» Exercise input
--- START ---

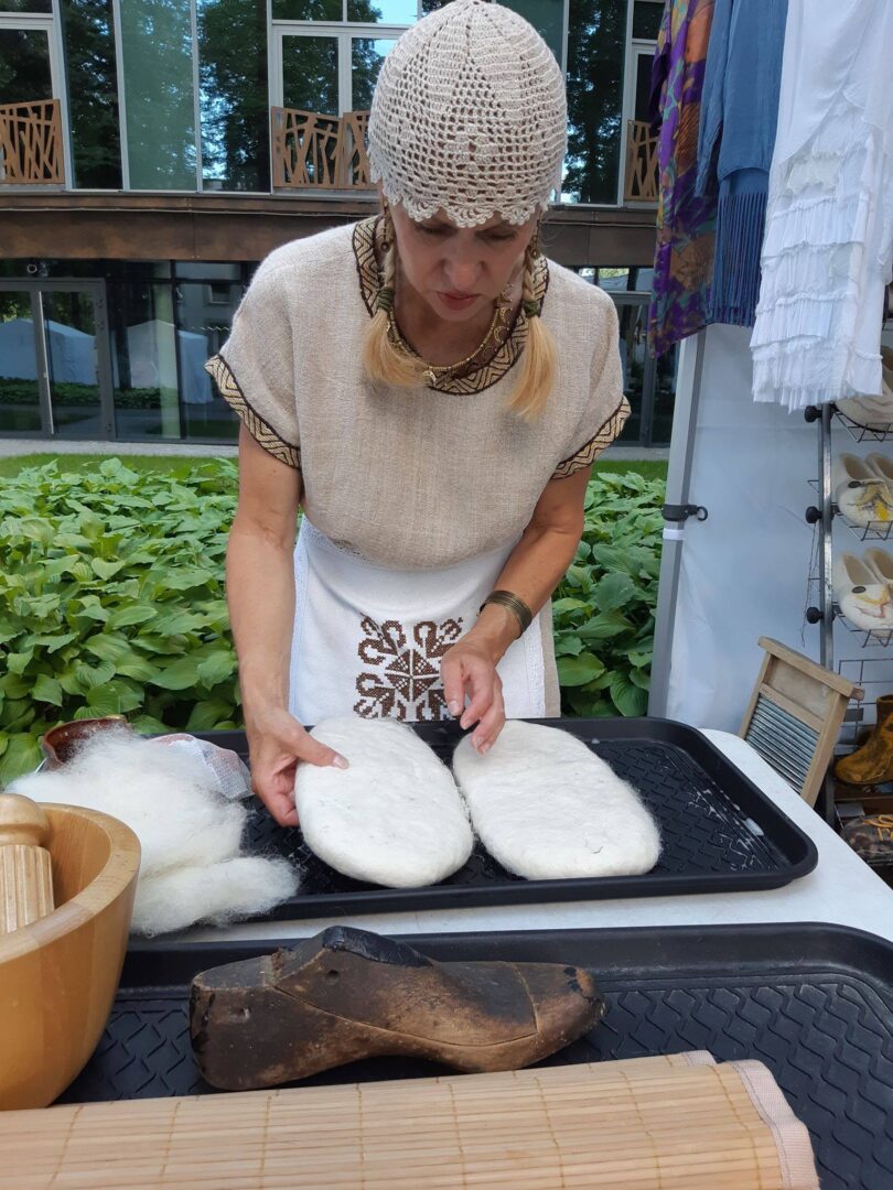 Veliant gaminius iš vilnos, tenka įdėti daug rankų darbo. Veliant šlapiuoju būdu, vilna susluoksniuojama, sudrėkinama muiluotu vandeniu ir glostoma, glostoma…Veltiniai ir šlepetės formuojamos ant kurpalio. O kaip formuojamos skrybėlės, juk jos turi atitinkamą išlenkimą, brylių? Pasirodo, reikia žinoti, kokia kryptimi kloti vilną, kad ji arba trauktųsi, arba plėstųsi. Tokiu būdu formuojami bryliai. Viršugalvis formuojamas medinės „galvos“ formos pagalba. Tačiau skrybėlių savininkų galvos, be abejo, skiriasi dydžiu, todėl Violeta skrybėlių viršų baigia suformuoti ant įvairiausių indų ir puodynių ir netgi savo pačios galvos.
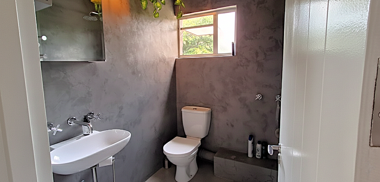 Bathroom / Wet Room: Basin, toilet, and frameless shower.
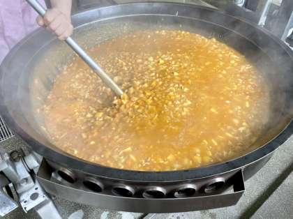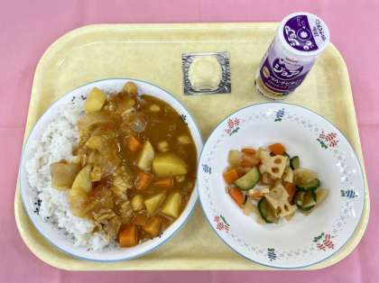 今日は、運動会に向けて毎日練習をがんばる児童への応援の気持ちを込めて、「ガルバンゾーカレー」を作りました。
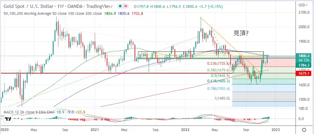 度升穿1800美元關口,最高見1804.1,金價上周最低見1739.7美元,最後以1797.8美元收市。以一星期計,金價
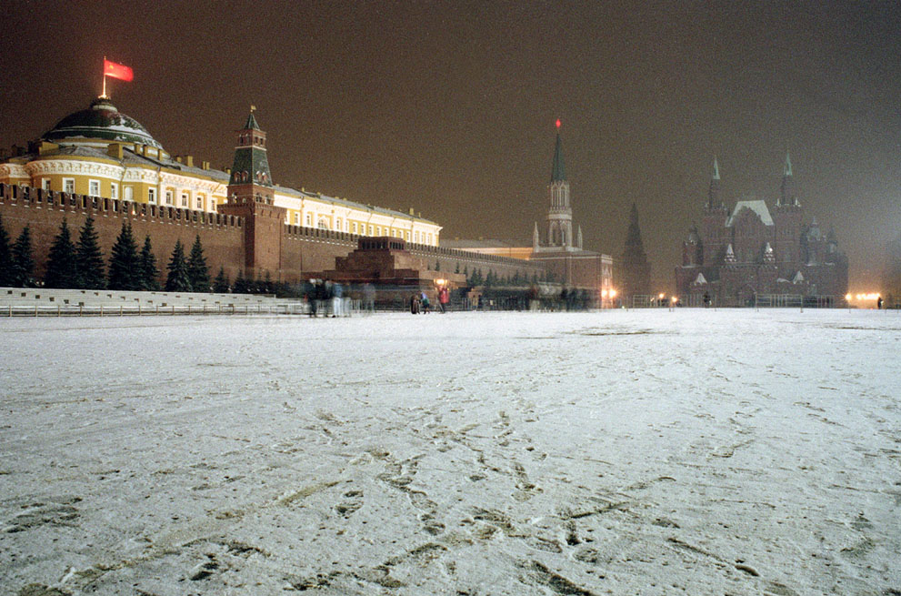 ▲1991年12月21日,星期六晚上,在莫斯科红场,这是苏联国旗在克里姆林宫上空飘扬的最后一段时光了。在新年它将会被俄罗斯国旗所取代。

--- END ---

» Work required
Hand back exactly the lines from the one with "今日は、運動会に向けて毎日練" through the last line of the data above, both ends included, with every picture left out.

» Answer to the exercise
 今日は、運動会に向けて毎日練習をがんばる児童への応援の気持ちを込めて、「ガルバンゾーカレー」を作りました。
 度升穿1800美元關口,最高見1804.1,金價上周最低見1739.7美元,最後以1797.8美元收市。以一星期計,金價
 ▲1991年12月21日,星期六晚上,在莫斯科红场,这是苏联国旗在克里姆林宫上空飘扬的最后一段时光了。在新年它将会被俄罗斯国旗所取代。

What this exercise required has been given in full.